7.4. Implications for Assessment
In this study, we compared children’s behaviour across different language assessments for vocabulary, morphology, and syntax. The results include two key takeaways. First, the assessments involve linguistic knowledge from each of these domains respectively, but for the most part we observed no correspondence between different measures from the same domain. Second, the correspondences which did arise were different between monolinguals and bilinguals.
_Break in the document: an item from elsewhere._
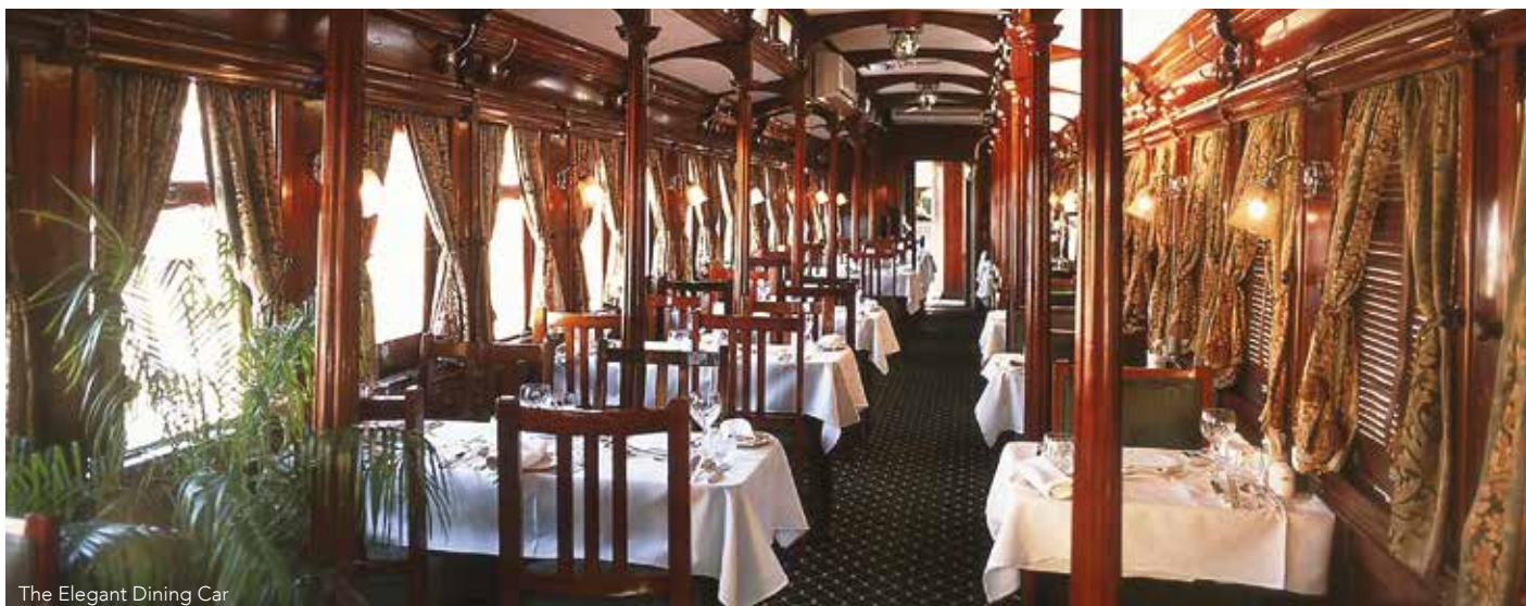
The Elegant Dining Car

The first takeaway highlights the limitations of generalising beyond a single assessment measure to other aspects of linguistic competence—even within the same domain. This limitation stems from the extent to which different processes are shared across different tasks. For example, the correspondence for bilinguals between the TEGI morphology and Renfrew vocabulary is unlikely to have the same source as the correspondence between the TEGI and narrative MLU, as discussed in Section 7.2. Thus, while the TEGI corresponds with both the Renfrew vocabulary measure and MLU, the underlying processes involved in the Renfrew vocabulary task are less likely to generalise to MLU. More generally, for an assessment of children’s language within a given domain, a single measure may provide an incomplete picture, while a complete language profile will require a battery of expressive and receptive measures across language domains.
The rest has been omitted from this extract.